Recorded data
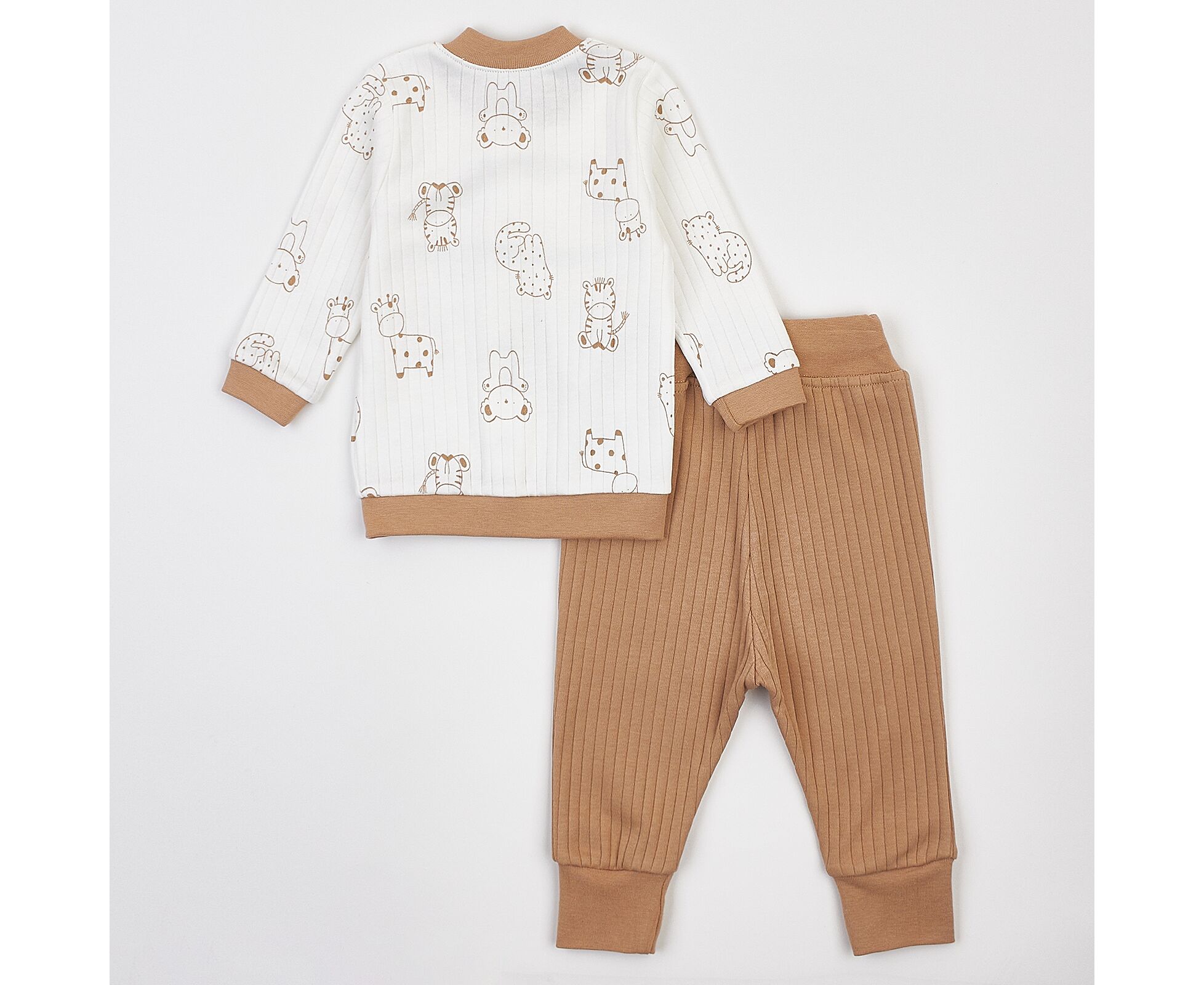 Дитячий комплект з кофточки та штанців, виготовлений з натурального, м'якого інтерлоку преміум якості. Кофточка з принтованої тканини, з центральною застібкою на кнопки. Рукав втачний. Стійка, манжети по низу рукавів та пояс по низу кофти з еластичного полотна. Штани однотонні, з притачним поясом з продітою еластичною тасьмою. Пояс та манжети штанів з еластичного полотна.
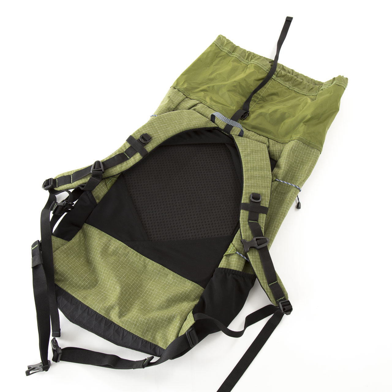 背面はメッシュ素材に薄いパッドが入っていて、ヒップベルトはなし。そしてこのバックパックの最大の特徴はベスト形のショルダーストラップなのですが、かなり幅広で基部が2点式で、スターナムストラップもかなり下方に付いています。45Lの大容量をヒップベルトなしで支えるように作っているので、ULA的にはかなり自信を持った設計なのではないかと思うのですが、肝心の背負い心地は正直クエスチョンマークでした。
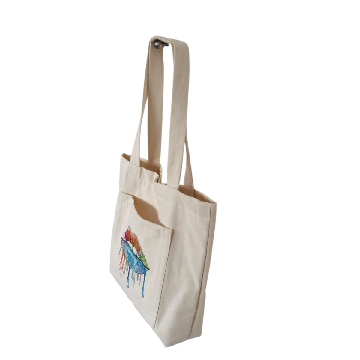 Przód torby z dużą kieszenią ozdobioną haftem. Dno torby poszerzone - tak aby mogła pomieścić wszystkie niezbędne drobiazgi i przydasie.
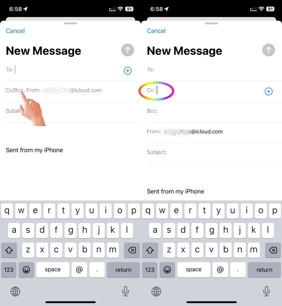 From the iPhone or iPad mail settings, I am not able to c.c. myself in all of my emails. The only choice I have is b.c.c. How can I set Mail to c.c. myself when using the iOS devices to write my emails?
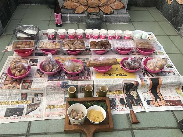 萬巒公墓這場祭祀非常特別,供品除了漢人的三牲四果、紅龜粿、年糕及菜頭粿,還有排灣族的吉拿富、芋頭乾,原來,陳家先祖陳毓芝300年前入贅萊睞家族,與二公主Badagau結婚,在萬巒、潮州一帶開創約1500公頃基業,成屏東平原中心的主要發展地區。
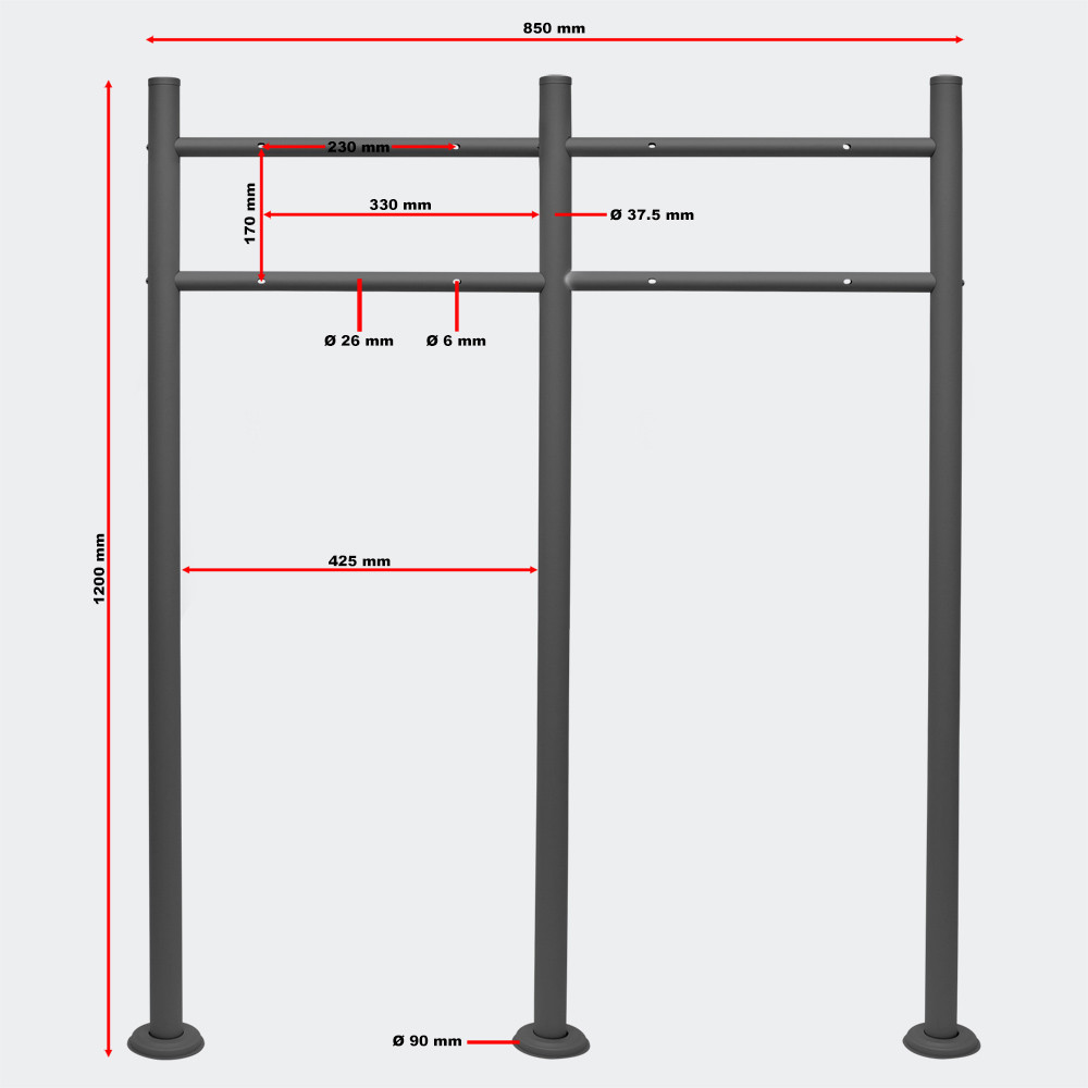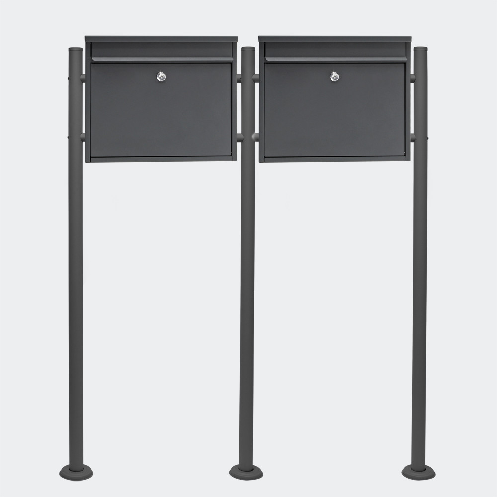 Stojan pro instalaci dvou poštovních schránek v nadčasově klasickém vzhledu. Montáž pomocí hmoždinek, které jsou ukotveny v zemi, je velmi snadná. Tímto způsobem lze vzhled a především pozemní prostor, na kterém je umístěna poštovní schránka, snadno přizpůsobit vašim vlastním potřebám.
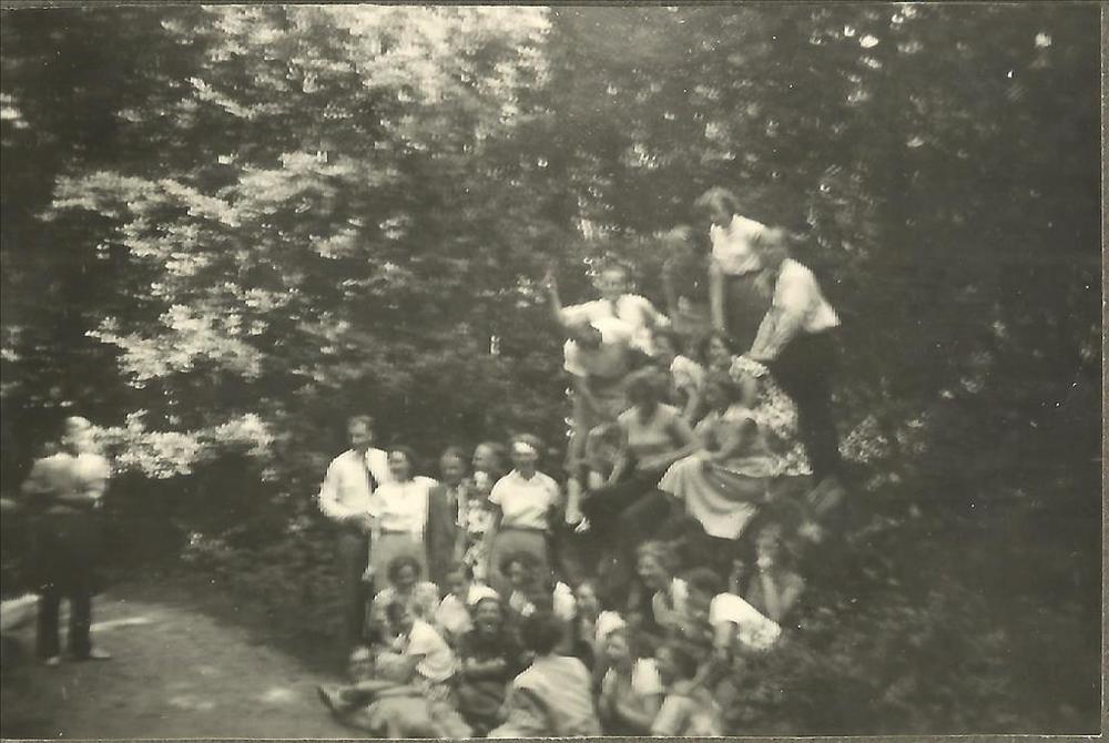 Marva; grote groep jonge mensen bij een 'trap'-waterval tekst: 'De waterval'
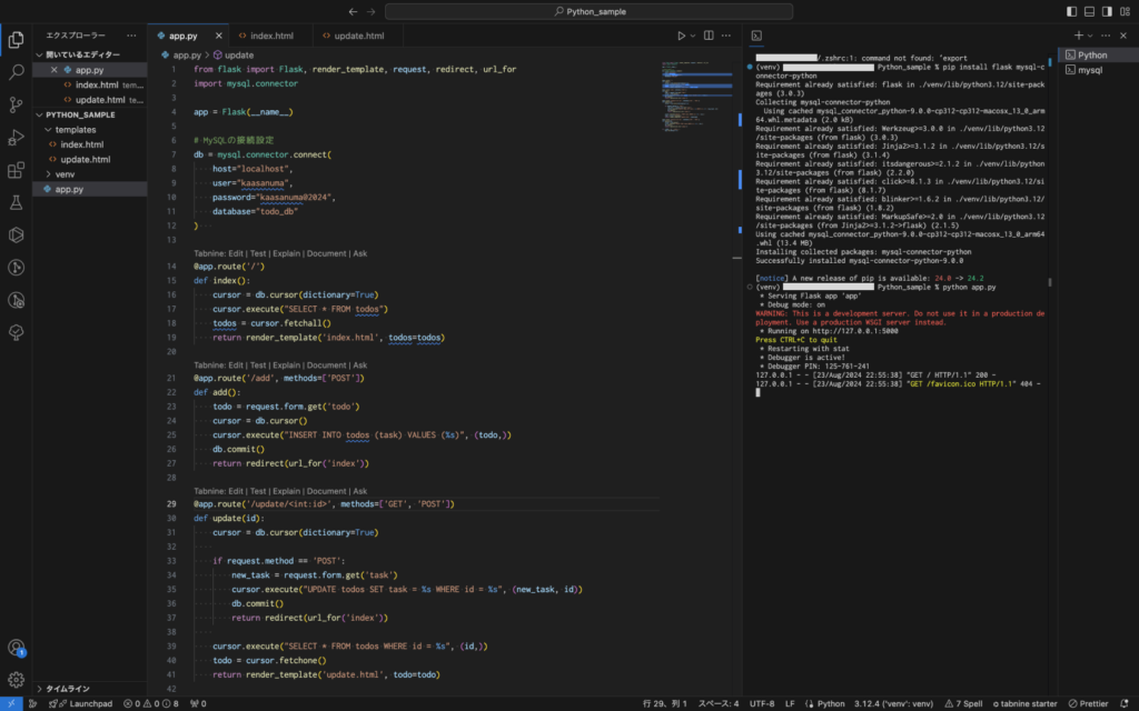FlaskとmysqlとPythonを繋げるモジュールをインストールします。

- TASK OBJECTIVE:
The records above must be output exactly, except for the pictures.

- TASK SOLUTION:
 Дитячий комплект з кофточки та штанців, виготовлений з натурального, м'якого інтерлоку преміум якості. Кофточка з принтованої тканини, з центральною застібкою на кнопки. Рукав втачний. Стійка, манжети по низу рукавів та пояс по низу кофти з еластичного полотна. Штани однотонні, з притачним поясом з продітою еластичною тасьмою. Пояс та манжети штанів з еластичного полотна.
 背面はメッシュ素材に薄いパッドが入っていて、ヒップベルトはなし。そしてこのバックパックの最大の特徴はベスト形のショルダーストラップなのですが、かなり幅広で基部が2点式で、スターナムストラップもかなり下方に付いています。45Lの大容量をヒップベルトなしで支えるように作っているので、ULA的にはかなり自信を持った設計なのではないかと思うのですが、肝心の背負い心地は正直クエスチョンマークでした。
 Przód torby z dużą kieszenią ozdobioną haftem. Dno torby poszerzone - tak aby mogła pomieścić wszystkie niezbędne drobiazgi i przydasie.
 From the iPhone or iPad mail settings, I am not able to c.c. myself in all of my emails. The only choice I have is b.c.c. How can I set Mail to c.c. myself when using the iOS devices to write my emails?
 萬巒公墓這場祭祀非常特別,供品除了漢人的三牲四果、紅龜粿、年糕及菜頭粿,還有排灣族的吉拿富、芋頭乾,原來,陳家先祖陳毓芝300年前入贅萊睞家族,與二公主Badagau結婚,在萬巒、潮州一帶開創約1500公頃基業,成屏東平原中心的主要發展地區。
 Stojan pro instalaci dvou poštovních schránek v nadčasově klasickém vzhledu. Montáž pomocí hmoždinek, které jsou ukotveny v zemi, je velmi snadná. Tímto způsobem lze vzhled a především pozemní prostor, na kterém je umístěna poštovní schránka, snadno přizpůsobit vašim vlastním potřebám.
 Marva; grote groep jonge mensen bij een 'trap'-waterval tekst: 'De waterval'
FlaskとmysqlとPythonを繋げるモジュールをインストールします。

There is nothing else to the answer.